Sources and Resources

A Source groups related resources with shared config — like FastAPI's APIRouter. Resources are generator functions that yield dict records:

from fastelt import Source, Env

github = Source(
    name="github",
    base_url="https://api.github.com",
    token=Env("GH_TOKEN"),
    org="anthropics",
)

@github.resource(primary_key="id", write_disposition="merge")
def repositories():
    headers = {"Authorization": f"Bearer {github.token}"}
    resp = httpx.get(f"{github.base_url}/orgs/{github.org}/repos", headers=headers)
    yield from resp.json()

@app.source — Quick Inline

For single-resource sources, skip the Source object — like @app.get in FastAPI:

app = FastELT(pipeline_name="demo", destination="duckdb")

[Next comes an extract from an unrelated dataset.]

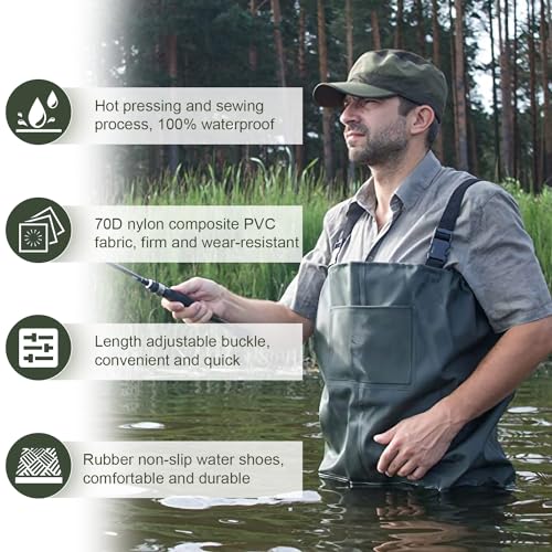 Die Yakimz Wathose ist die optimale Wahl für alle Outdoor-Enthusiasten, die bei jedem Wetter und in jeder Umgebung fischen oder arbeiten möchten. Hergestellt aus 70 Denier Nylon und PVC, garantiert diese Hose vollständige Wasserdichtigkeit, sodass Sie sich ganz auf Ihr Erlebnis konzentrieren können – sei es beim Angeln, Bootfahren oder auf der Baustelle.

@app.source("users", primary_key="id")
def users():
    yield {"id": 1, "name": "Alice"}
    yield {"id": 2, "name": "Bob"}

app.run()

Environment Variables

Three ways to inject env vars — all resolved automatically:

from typing import Annotated
from fastelt import Env, Secret, Source

# 1. As a Source field value
github = Source(name="github", token=Env("GH_TOKEN"))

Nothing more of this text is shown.